- Exercise materials
· · ·

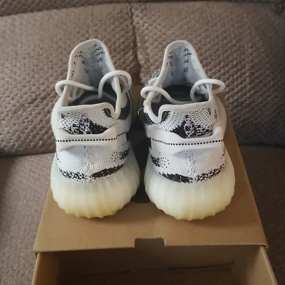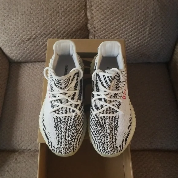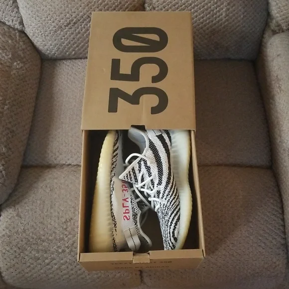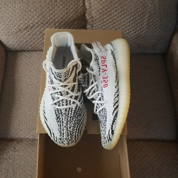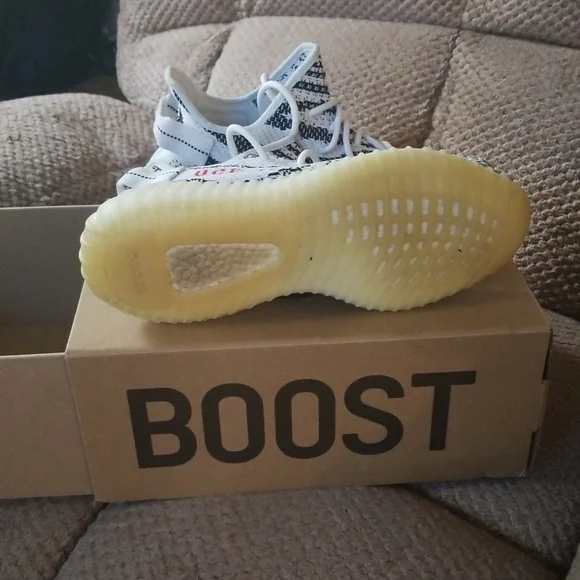 Got a fairly worn pair of Zebra Yeezy Boost 350 V2´s. They are a size 8 1/2, they feel super soft on the feet when the insoles are taken out. With the color of the shoe you can basically match it with anything. Like and share if you or anyone else is interested!
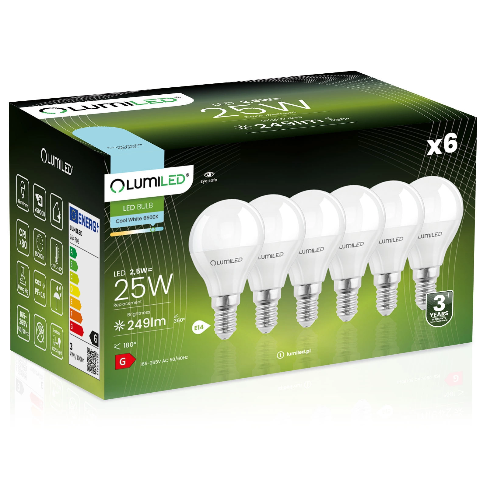 6x Žárovka LED E14, P40 2.5W = 25W 249lm 6500K Studená bílá 180° LUMILED
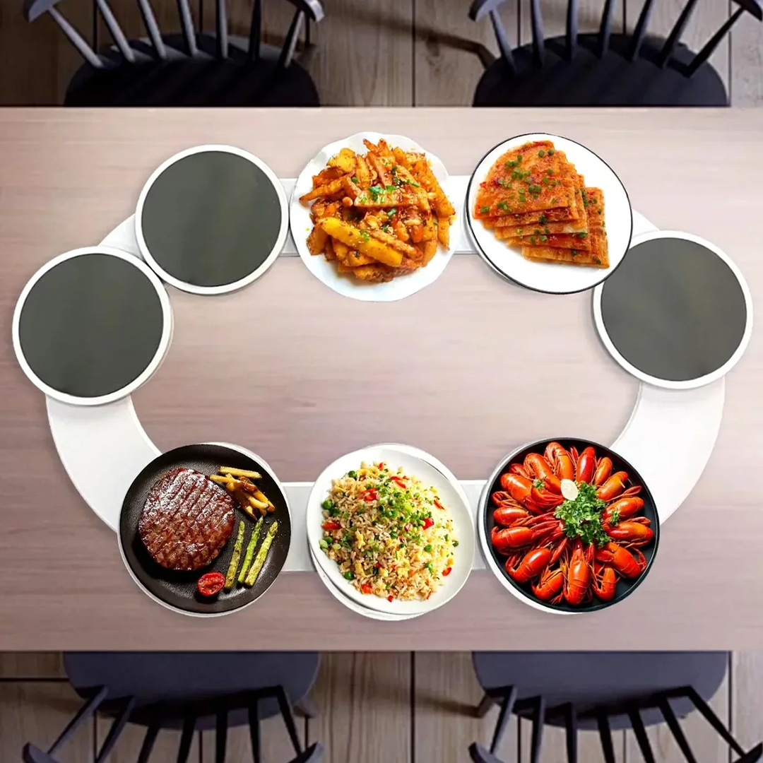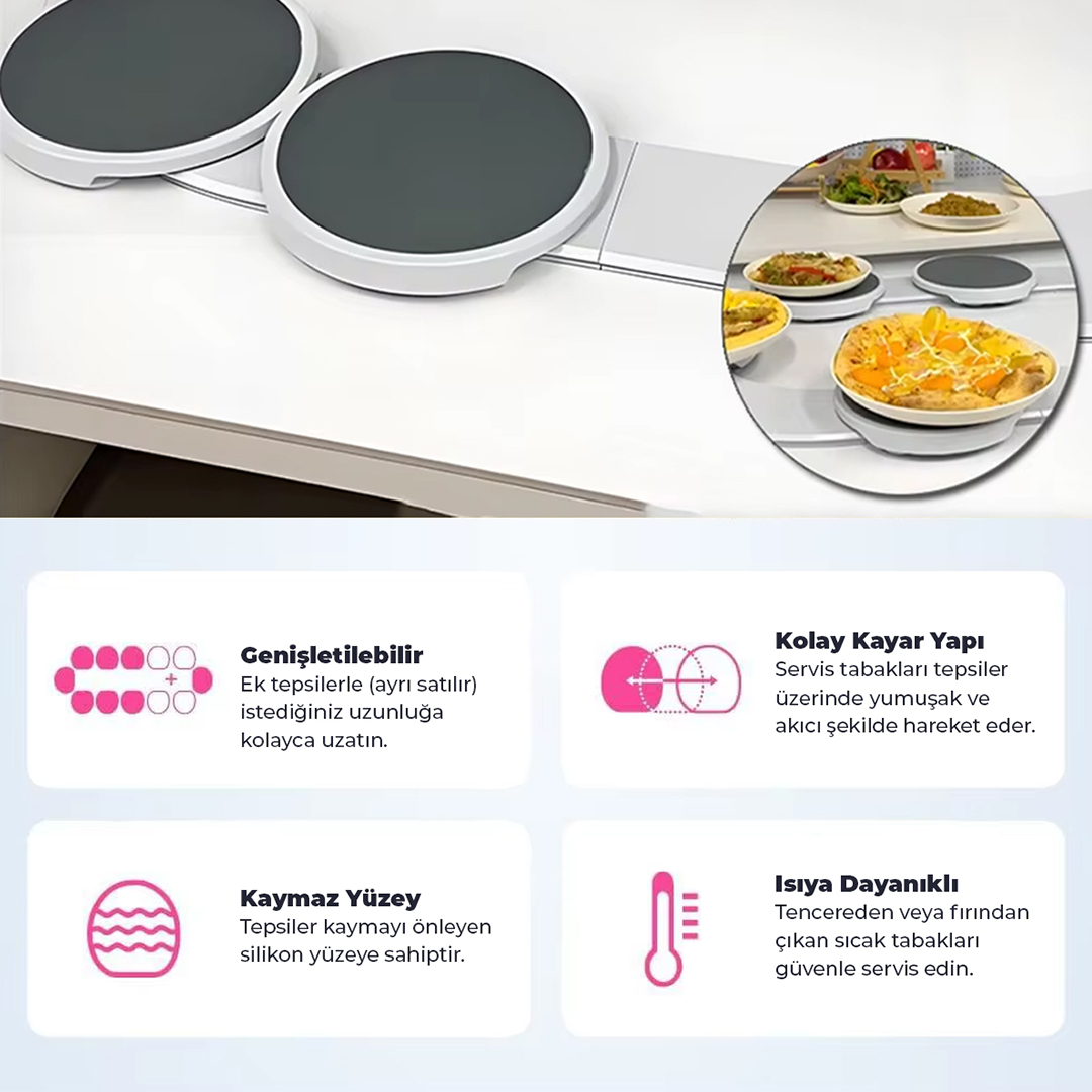 Özellikle kalabalık aile yemeklerinde, misafirli sofralarda ve uzun kahvaltı masalarında büyük rahatlık sunar. Sofrada düzeni artırır, servis sırasında sürekli kalkma ihtiyacını azaltır ve herkesin aynı anda servise erişmesini kolaylaştırır. Modern, şık ve fonksiyonel tasarımıyla hem ev kullanımı hem de profesyonel servis alanları için uygundur.
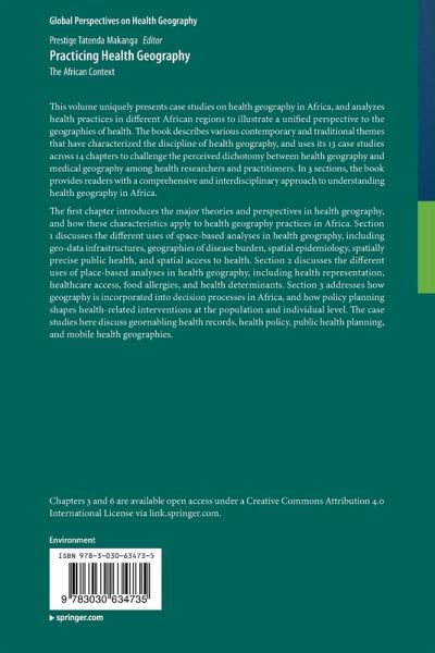 This volume uniquely presents case studies on health geography in Africa, and analyzes health practices in different African regions to illustrate a unified perspective to the geographies of health. The book describes various contemporary and traditional themes that have characterized the discipline of health geography, and uses its 13 case studies across 14 chapters to challenge the perceived dichotomy between health geography and medical geography among health researchers and practitioners. In 3 sections, the book provides readers with a comprehensive and interdisciplinary approach to understanding health geography in Africa.
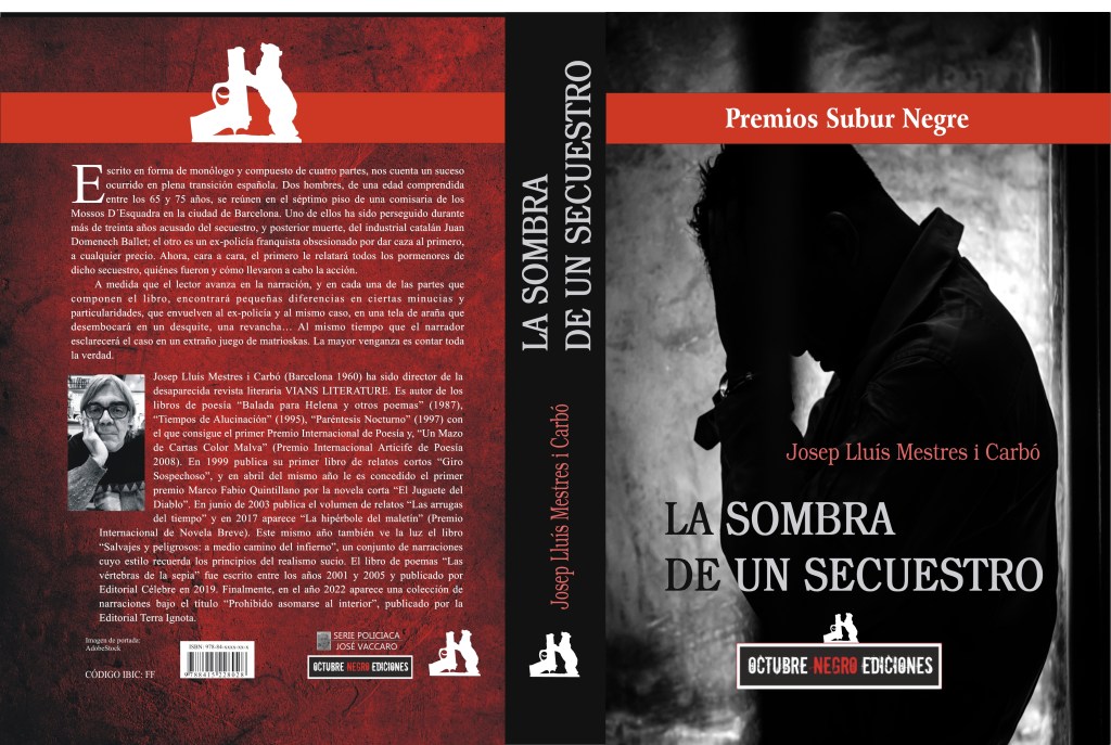 El Próximo día 23 de enero a las 19h. en el Café de la Ópera de Barcelona, tendrá lugar la presentación de la novela del escritor Josep Lluís Mestres, La sombra de un secuestro. Habiendo leído las últimas obras, en prosa poética, del autor, me atrevería a apostar que será una novela de gran calado. La novela forma parte de los premios SUBUR NEGRE, aumentando así la retahíla de premios con los que ha sido galardonado Josep Lluís Mestres. La editorial OCTUBRENEGROEDICIONES es la encargada de poner a disposición de los lectores esta última obra de un escritor polifacético que desliza sin dificultad entre la narrativa, la poesía y es, además, crítico de cine.
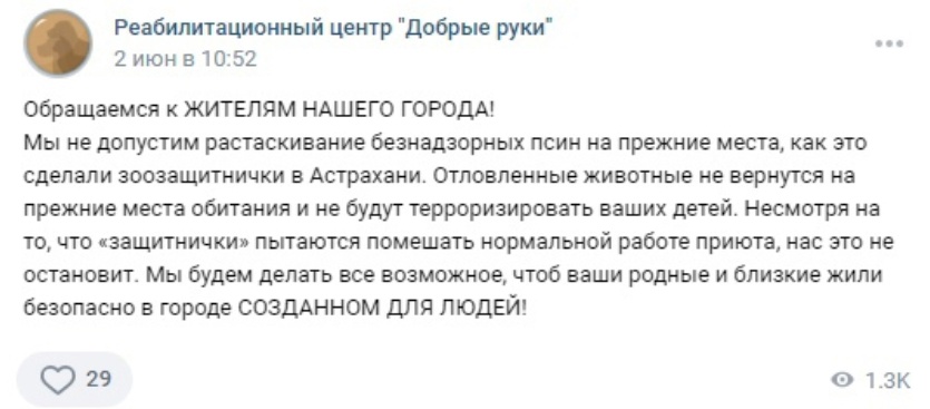 «Мы не допустим растаскивания безнадзорных псин на прежние места, как это сделали зоозащитнички в Астрахани. Отловленные животные не вернутся на прежние места обитания и не будут терроризировать ваших детей. Несмотря на то, что “защитнички” пытаются помешать нормальной работе приюта, нас это не остановит. Мы будем делать всё возможное, чтобы ваши родные и близкие жили безопасно в городе, созданном для людей!» — говорится в сообщении.
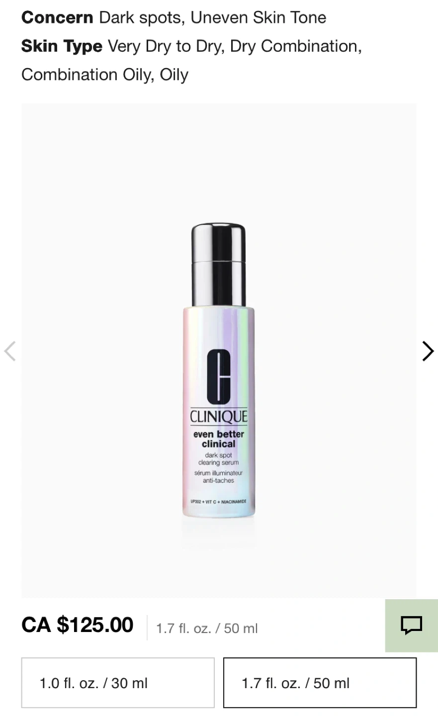 Selling a Clinique Even Better Clinical Radical Dark Spot Corrector + Interrupter. It's a 1.7 fl oz / 50 ml bottle. Originally bought for $125 CA. It targets dark spots and uneven skin tone, suitable for very dry to oily skin types
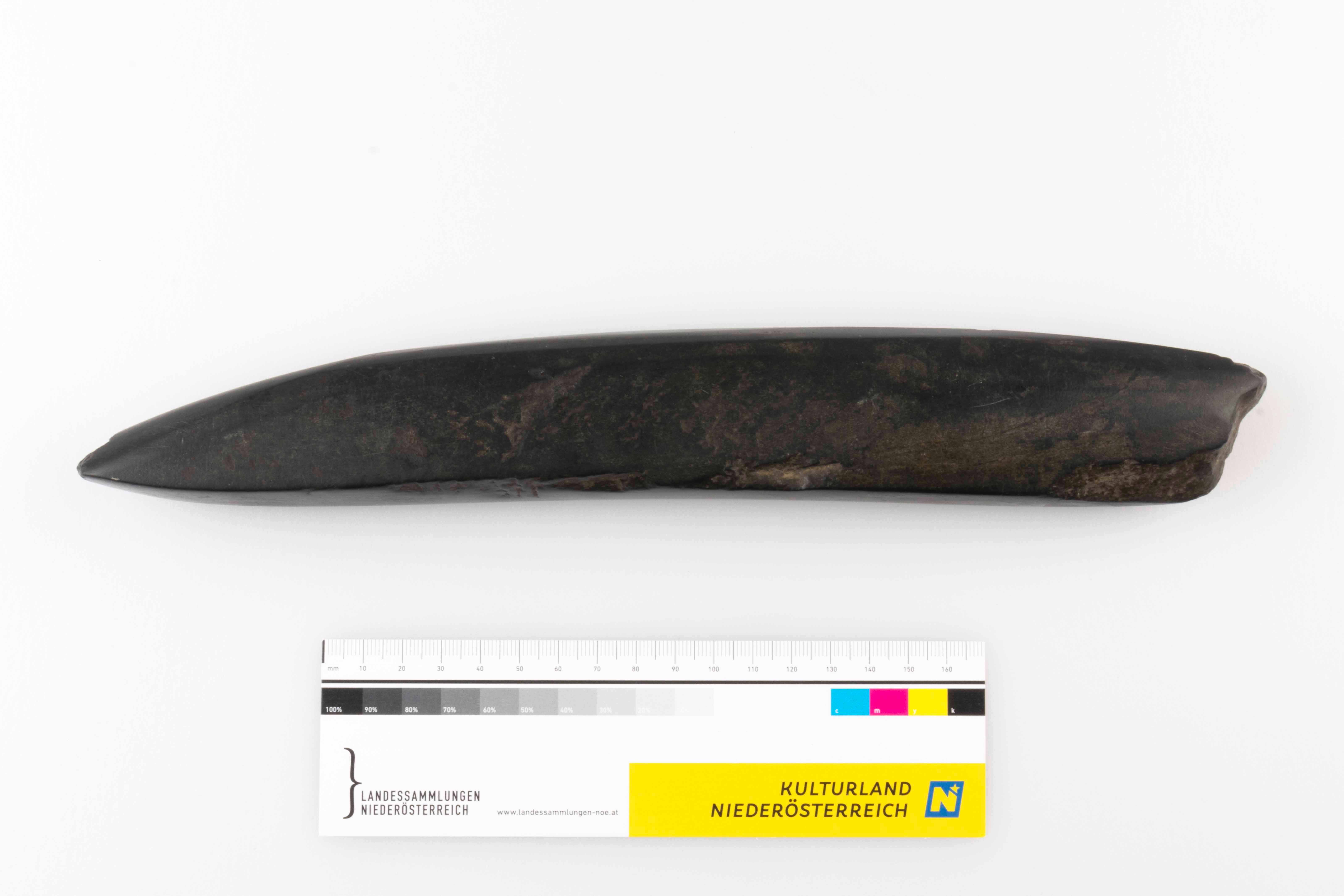 Hoher Schuhleistenkeil mit D-förmigem Querschnitt. Die Unterseite ist flach, während die Oberseite stark gewölbt ist. Der Nacken sowie die Schneide weisen Absplitterungen uaf. Die Oberfläche ist facettiert und zeigt einen politurähnlichen Glanz.
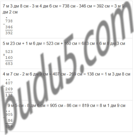 | 5 м 23 см + 1 м 6 дм | 9 м 5 см - 8 дм 6 см |

· · ·

An exact copy of the records above is wanted, with the pictures omitted.

 Got a fairly worn pair of Zebra Yeezy Boost 350 V2´s. They are a size 8 1/2, they feel super soft on the feet when the insoles are taken out. With the color of the shoe you can basically match it with anything. Like and share if you or anyone else is interested!
 6x Žárovka LED E14, P40 2.5W = 25W 249lm 6500K Studená bílá 180° LUMILED
 Özellikle kalabalık aile yemeklerinde, misafirli sofralarda ve uzun kahvaltı masalarında büyük rahatlık sunar. Sofrada düzeni artırır, servis sırasında sürekli kalkma ihtiyacını azaltır ve herkesin aynı anda servise erişmesini kolaylaştırır. Modern, şık ve fonksiyonel tasarımıyla hem ev kullanımı hem de profesyonel servis alanları için uygundur.
 This volume uniquely presents case studies on health geography in Africa, and analyzes health practices in different African regions to illustrate a unified perspective to the geographies of health. The book describes various contemporary and traditional themes that have characterized the discipline of health geography, and uses its 13 case studies across 14 chapters to challenge the perceived dichotomy between health geography and medical geography among health researchers and practitioners. In 3 sections, the book provides readers with a comprehensive and interdisciplinary approach to understanding health geography in Africa.
 El Próximo día 23 de enero a las 19h. en el Café de la Ópera de Barcelona, tendrá lugar la presentación de la novela del escritor Josep Lluís Mestres, La sombra de un secuestro. Habiendo leído las últimas obras, en prosa poética, del autor, me atrevería a apostar que será una novela de gran calado. La novela forma parte de los premios SUBUR NEGRE, aumentando así la retahíla de premios con los que ha sido galardonado Josep Lluís Mestres. La editorial OCTUBRENEGROEDICIONES es la encargada de poner a disposición de los lectores esta última obra de un escritor polifacético que desliza sin dificultad entre la narrativa, la poesía y es, además, crítico de cine.
 «Мы не допустим растаскивания безнадзорных псин на прежние места, как это сделали зоозащитнички в Астрахани. Отловленные животные не вернутся на прежние места обитания и не будут терроризировать ваших детей. Несмотря на то, что “защитнички” пытаются помешать нормальной работе приюта, нас это не остановит. Мы будем делать всё возможное, чтобы ваши родные и близкие жили безопасно в городе, созданном для людей!» — говорится в сообщении.
 Selling a Clinique Even Better Clinical Radical Dark Spot Corrector + Interrupter. It's a 1.7 fl oz / 50 ml bottle. Originally bought for $125 CA. It targets dark spots and uneven skin tone, suitable for very dry to oily skin types
 Hoher Schuhleistenkeil mit D-förmigem Querschnitt. Die Unterseite ist flach, während die Oberseite stark gewölbt ist. Der Nacken sowie die Schneide weisen Absplitterungen uaf. Die Oberfläche ist facettiert und zeigt einen politurähnlichen Glanz.
 | 5 м 23 см + 1 м 6 дм | 9 м 5 см - 8 дм 6 см |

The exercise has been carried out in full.